Down the River

It is just over 50 easy miles, as the crow flies, from Grants Pass, Oregon, to the Pacific Ocean. If the crow has to travel by land, it’s a different story. Between Grants Pass and the ocean lie the Siskiyou Mountains, a confused jumble of ancient peaks and ridges rising to a height of as much as 5000 feet above sea level. The Siskiyous are made of some of the oldest, toughest rock in western North America. Through them, the Rogue River has managed to slice a deep sliver of a canyon, forming the only water-level connection between the populous Rogue Valley, where we live, and the coast.

19th-century railroad builders attempted to develop the canyon as a transportation route. They got in only as far as the mouth of Grave Creek, about 30 river miles below Grants Pass. Here the northbound river – already deep in the earth – makes an abrupt 90 degree turn to the west and enters a narrow slot canyon with near-vertical walls rising several hundred feet above the water before giving way to timbered slopes, only slightly less steep, that shoot a good 3000 feet higher. The railroad builders looked at that and recoiled. So did the road builders that followed them. Not so much as a path penetrated the canyon any further until 1907, when a pack trail was hacked out to serve the small mining community of Marial, tucked onto a tiny flat fifteen miles further downriver.

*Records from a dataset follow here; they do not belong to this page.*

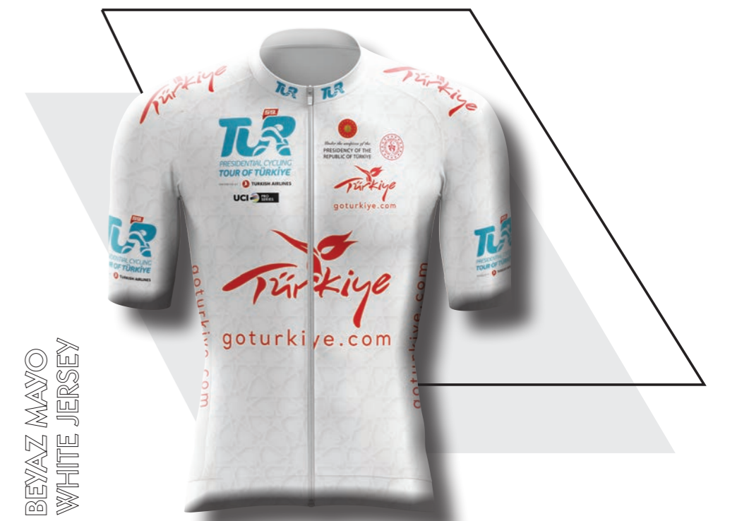
BEYAZ MAYO WHITE JERSEY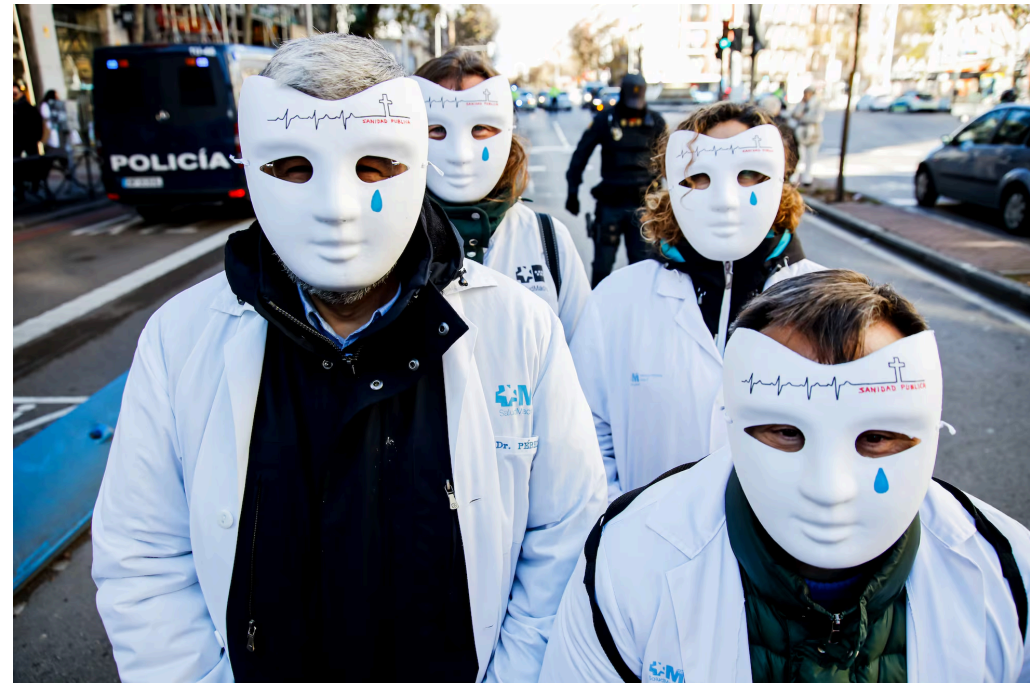
Manifestación de pediatras y médicos de familia, el 18 de enero en Madrid.

El sociólogo danés Gøsta Esping-Andersen , experto en la materia, distingue entre “los tres mundos del Estado de bienestar”, tres patrones distintos del mismo: el socialdemócrata, el conservador y el liberal. El primero es, fundamentalmente, el de los países nórdicos europeos (Suecia, Noruega o Dinamarca), caracterizado por la universalidad de las políticas públicas y por el gasto social por habitante, más elevado que en el resto de los países; para financiarlo, estos países disponen de mayores presiones fiscales y la llamada “flexiseguridad” en el mercado de trabajo, una combinación de alta flexibilidad en la entrada y en la salida de los empleos vinculada a fuertes políticas de protección social para el que se quede en el paro.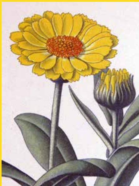
Atlas des plantes de France par A. Masclef, 1891-BMB-U630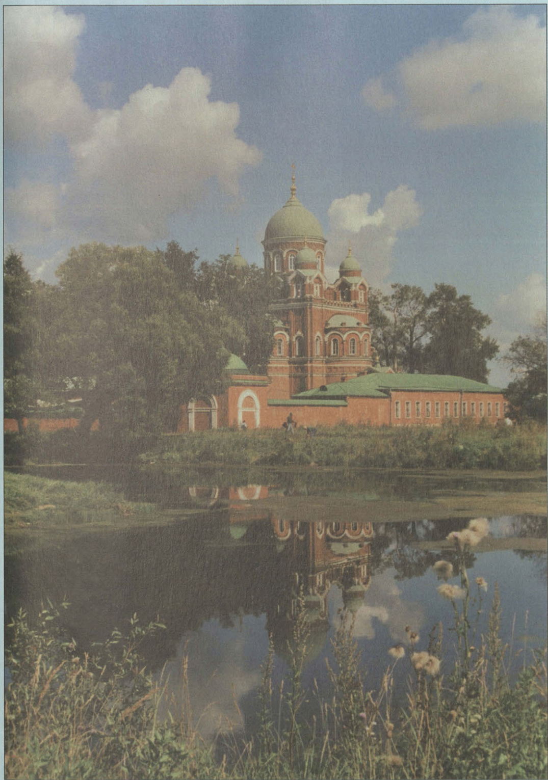
Собор Владимирской иконы Божией Матери Спасо-Бородинского монастыря. Архитектор М.Выковский.1851–1859 гг.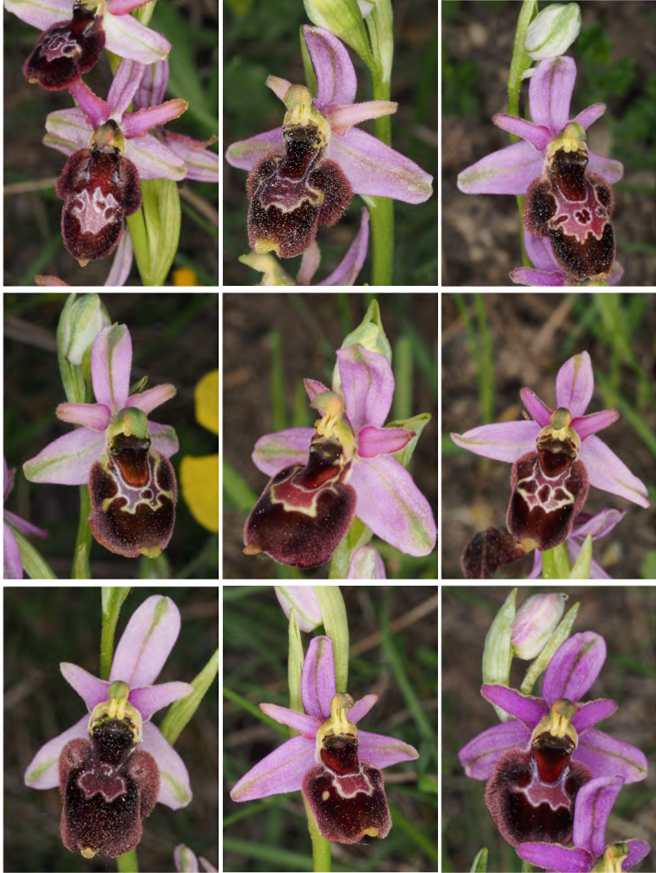
Ophrys holosericea subsp. demangei x Ophrys bertolonii subsp. drumana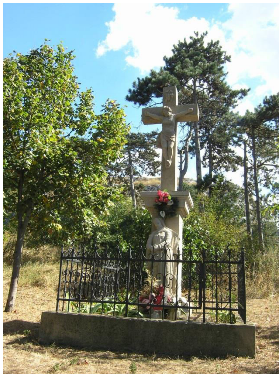
križ s Ukrižovaným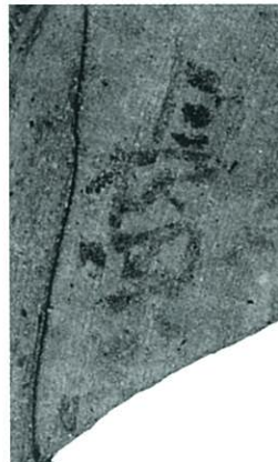
「長岡」と記された7世紀後半の須恵器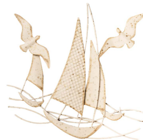
Cod: DM 2017 Des: Quadro vele e gabbiani in volo Note: 45x43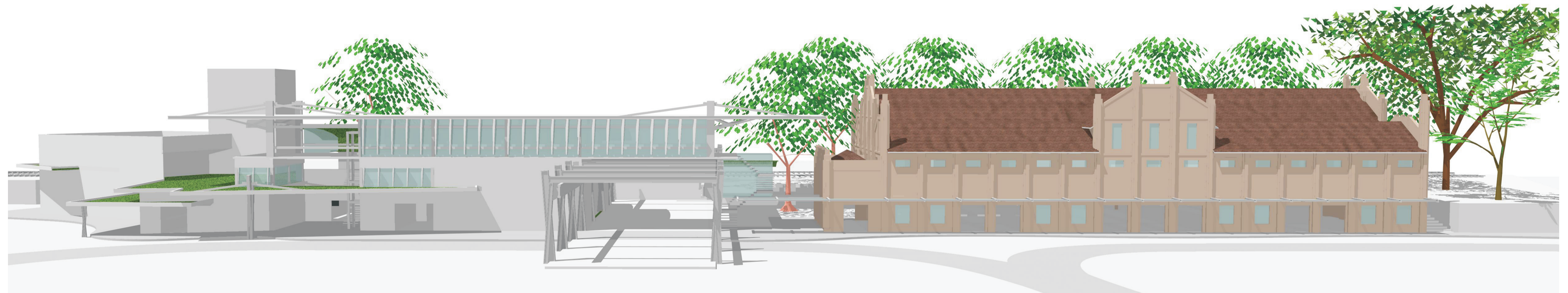
FACHADA OESTE escala 1:250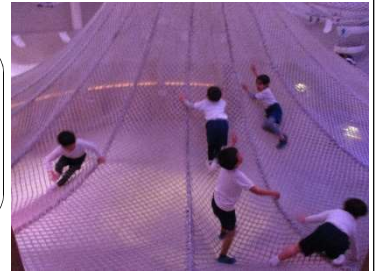
友達や保育者と一緒に鬼ごっこ！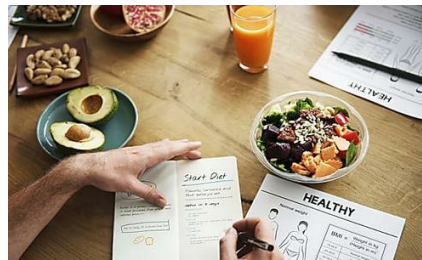
Dieta saludable = huesos sanos Hola Doctor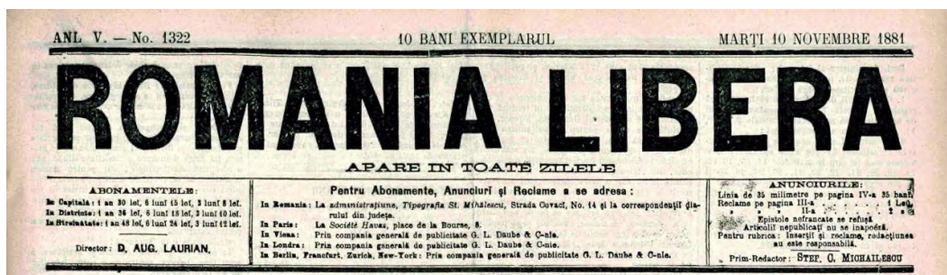
Figura 1: Antetul ziarului România Liberă, 10 noiembrie 1881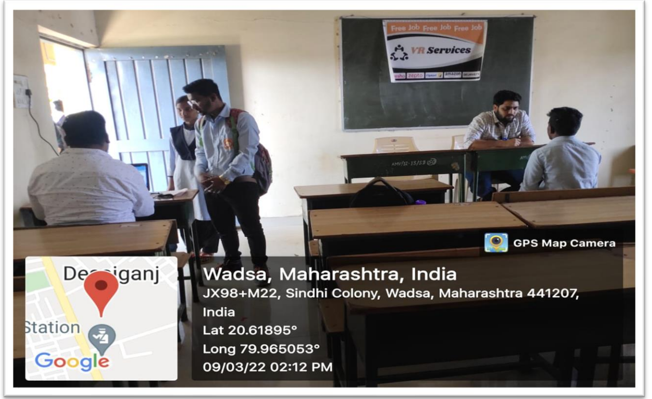
Students' participation in job fair and placement camp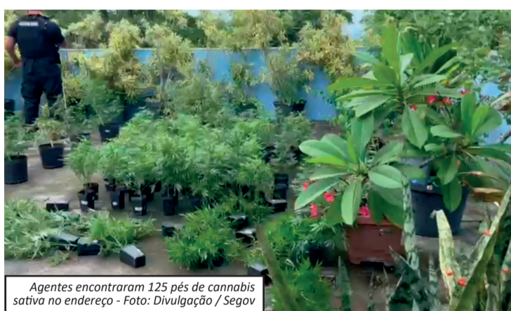
Agentes encontraram 125 pés de cannabis sativa no endereço

Entre os equipamentos apreendidos estavam 12 painéis de iluminação específicos para o cultivo indoor, avaliados em aproximadamente R$ 60 mil, além de insumos e utensílios utilizados na preparação da droga para distribuição. No terraço da residência, os agentes identificaram ainda um espaço adaptado que funcionaria como laboratório para plantio e manipulação da substância. Inicialmente, a proprietária do imóvel foi conduzida e recebeu voz de prisão.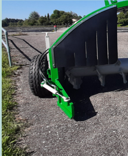
Zuführschild hydraulisch rechts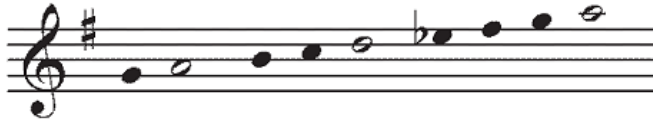
Şekil.17 Tampere sistemde Karcıgar makamı dizisi

GSL 12. Sınıf gitar ders kitabı basılmadığından Karcıgar makamının gitar dersine nasıl uygulandığı hakkında herhangi bir bilgi mevcut değildir. Ancak GSL 11. Sınıf Keman ders kitabında karcıgar makamı dizisi aşağıdaki gibi gösterilmektedir.(Darendelioğlu-Tabrizi, 2014:90)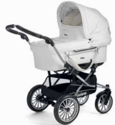
Mondial 17483 Duo S Cryptonite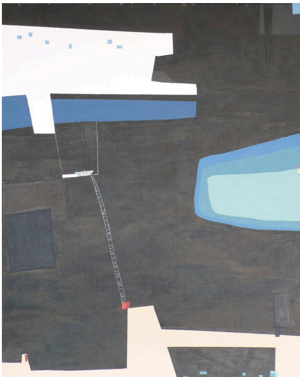
Lídia Antonio Trobat con la obra: Notícies mar enllà 100 x 81 cm - Precio de venta 600 €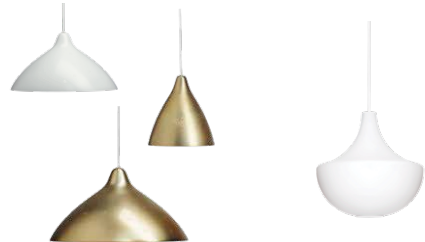
LISA 270 LISA 450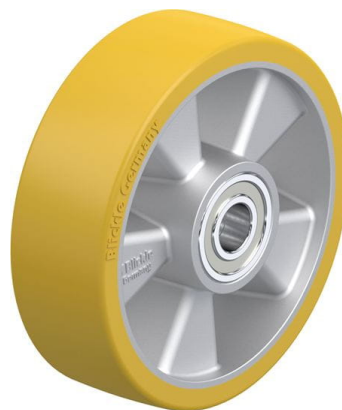
Roue utilisée ALTH 160/20K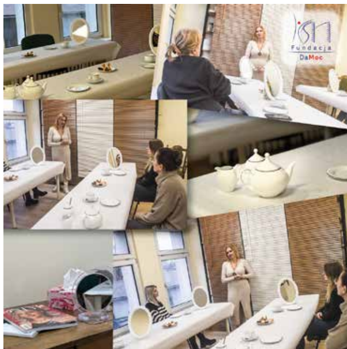
Tak wyglądały zajęcia kosmetyczne

W marcu, czyli już wkrótce świętujemy Dzień Kobiet . Zgodnie z tendencją równouprawnień, niedawno pojawił się tuż za nim także Dzień Mężczyzn . Ale to panie są bohaterkami naszego konkursu. Prosimy o podanie kim są damy na 8 portretach za-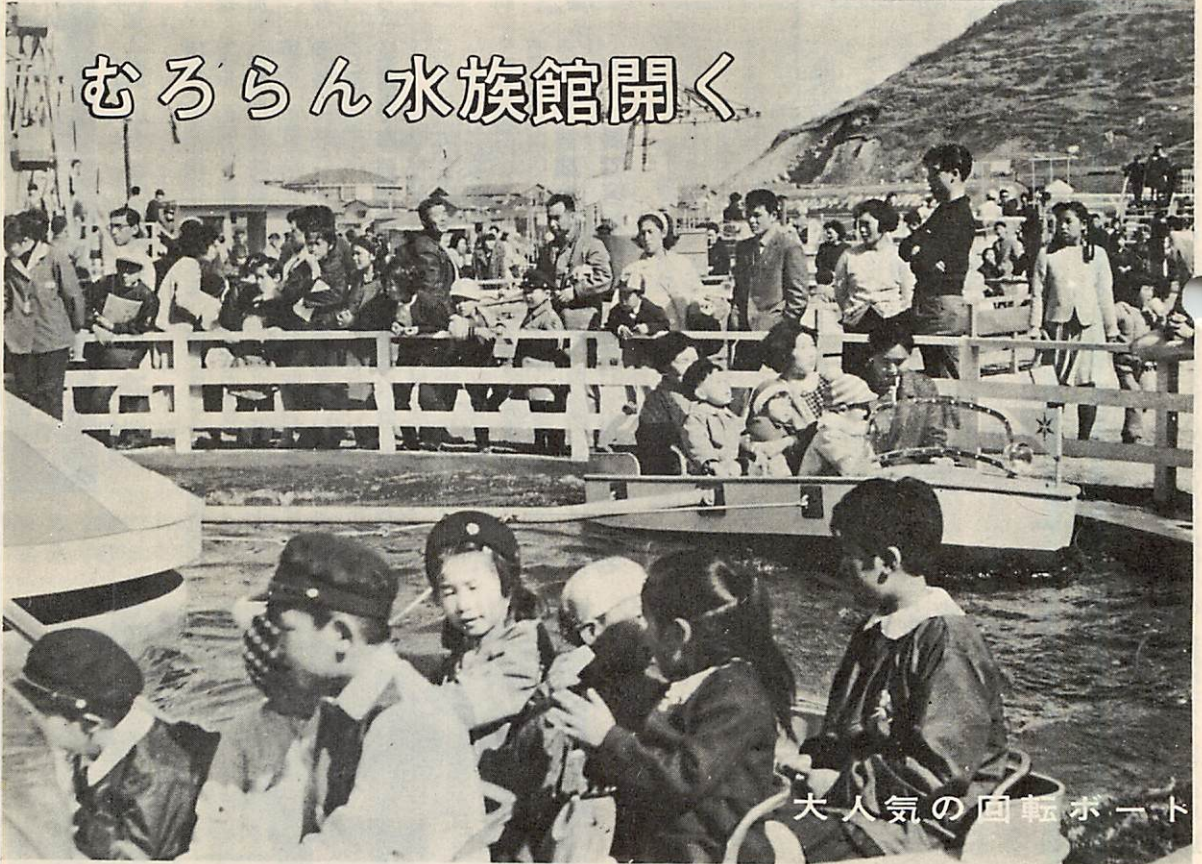
大人気の回転ボート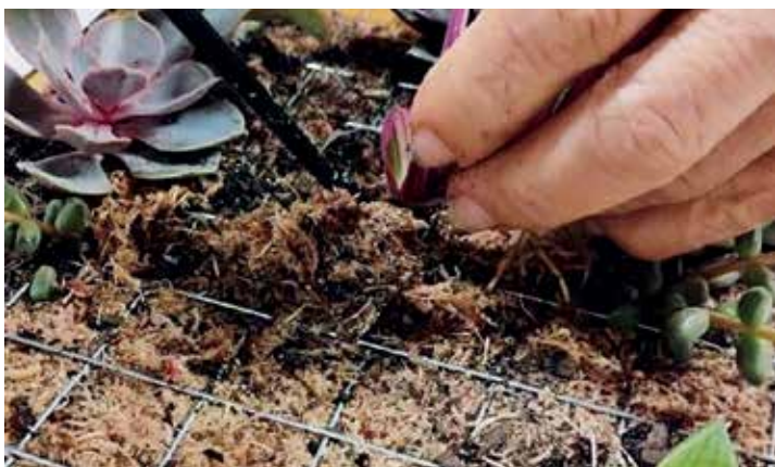
Oficina Quadros Vivos: O Jardim da Memória e o Florescer do Ikigai

Dia 18. Quinta. Das 9h às 12h e das 15h às 18h. Auditório. Grátis. Senhas no local 30 minutos antes. A partir de 60 anos.

The trail took advantage of a natural ledge on the south bank for a mile and a half, then crossed a sturdy bridge to the north bank. The river ate the bridge in 1927, ending that experiment after just two decades. No further attempts at a route through the canyon would be made until 1961, when the current recreation trail was built.

The Rogue River trail wisely dispenses with river crossings, remaining on the north bank from Grave Creek to Marial and all of the rest of the 40 miles through the canyon to Agness, where the road struggling upriver from the coast is forced to a stop. For much of its first several miles below Grave Creek, the trail occupies a tiny vertigo-inducing ledge thirty inches to four feet wide, 60 to 200 feet above the river. Side streams tumble down at intervals. The roar of rapids is almost constant. And there are flowers.

Spring gold (Crocidium multicaule)

Heat reflected off the canyon walls starts bringing them out as early as mid-February. For many years, now, the Rogue River trail below Grave Creek has been one of our favorite early-season hikes.

The most recent of those hikes took place last Thursday, February 27. The air was barely above freezing when we left the house around 7:00 AM, but the sun was shining and the temperature was predicted to get into the high 60s later in the day. We made a leisurely stop for breakfast at Patti’s Kitchen in Gold Hill. Mists from the river drifted in and out across the road and made Hellgate, where the river first enters the mountains, look like a scene out of Lord of the Rings.

The last wisps were evaporating as we parked the car at the Grave Creek trailhead, and it was already too warm for heavy clothing. We picked up the cameras and started down the trail.

The flowers began almost at once: yellow lomatium and spring gold, pink milkmaids and sea blush, and white saxifrage.

Clockwise from top: lomatium; sea blush; milkmaids; Howell’s saxifrage.

Lots of white saxifrage.

At China Gulch, two miles in, a pair of snow queens and a few buttercups.

Snow queen (Synthyris reniformis)
Western buttercup (Ranunculus occidentalis)

Our plan had been to hike to Whiskey Creek, a bit over three miles downriver from the trailhead, but – delayed by the flowers – we gave up the effort with about a quarter of a mile left to go. A half-hour of basking on a large flat rock by the river gave us the energy to get back to the trailhead; the Bolt took us the rest of the way home.

Flat rock beside the river near the mouth of Whiskey Creek
Almost back to the trailhead.
The Bolt, parked as far down the canyon as roads can get you.

For those keeping track, we left home with a 95% charge and got back from our 120-mile round-trip drive with almost half of that remaining. The range indicator as we pulled into the garage read 105 miles. I’d tell you how this trip affected my range anxiety, but I’ve almost forgotten what that actually feels like.